What is required: Although the listing below holds pictures, reproduce only its lines from the one containing "比赛除了为获奖同学颁发获奖荣" through the last, exactly and without them.

Data shown:
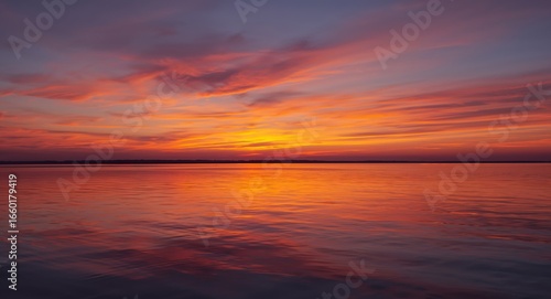 Fototapeta premium Fiery Horizon. A Breathtaking Sunset Over Tranquil Waters, Painting the Sky...
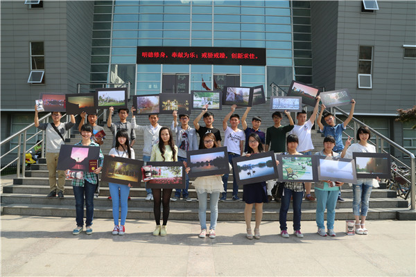 比赛除了为获奖同学颁发获奖荣誉证书和奖品外,举办方还特别为每位获奖选手制订了摄影作品的PT展示板,获奖同学在图书馆门前合影留念。
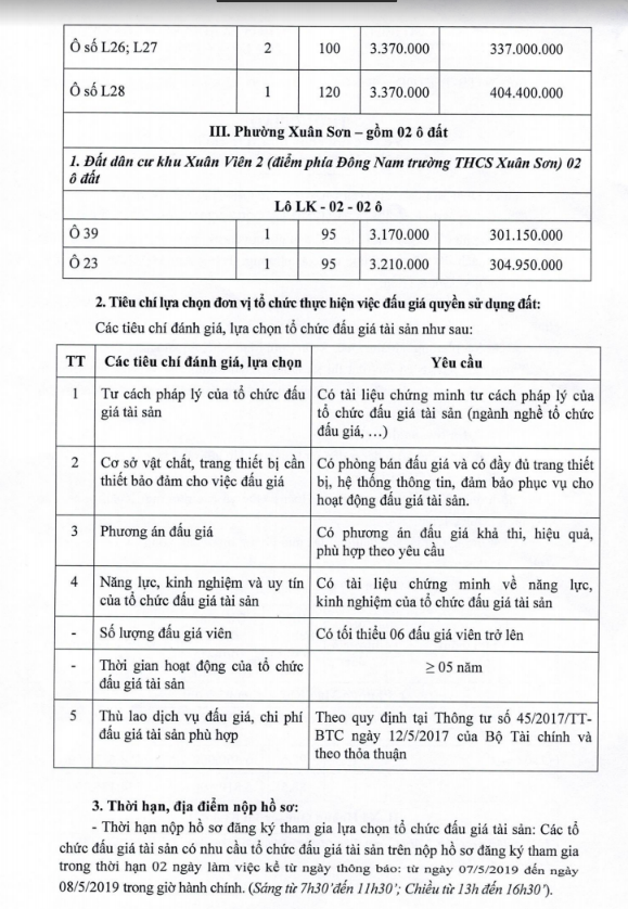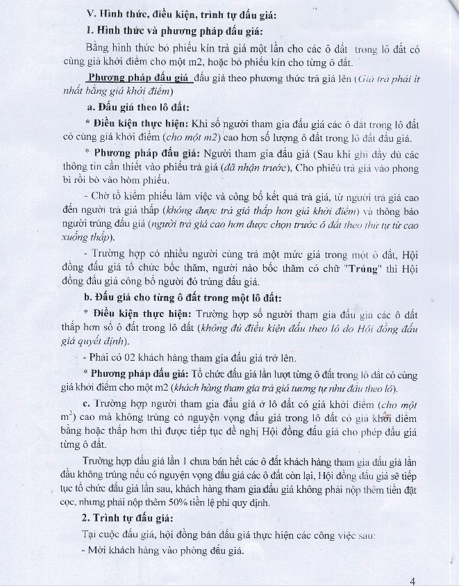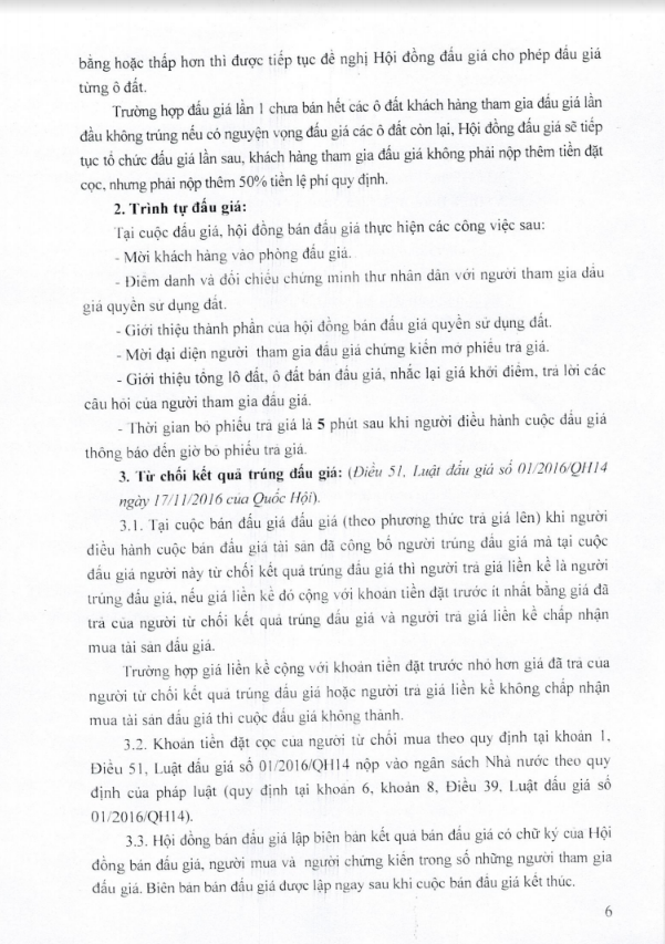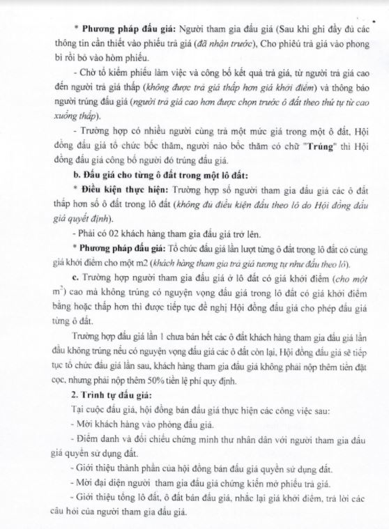 - UBND các xã, phường có liên quan niêm yết thông báo kế hoạch tổ chức bán đấu giá QSD đất tại trụ sở UBND các xã, phường để người dân có nhu cầu được biết tham giá đấu giá.

Response to the task:
 比赛除了为获奖同学颁发获奖荣誉证书和奖品外,举办方还特别为每位获奖选手制订了摄影作品的PT展示板,获奖同学在图书馆门前合影留念。
 - UBND các xã, phường có liên quan niêm yết thông báo kế hoạch tổ chức bán đấu giá QSD đất tại trụ sở UBND các xã, phường để người dân có nhu cầu được biết tham giá đấu giá.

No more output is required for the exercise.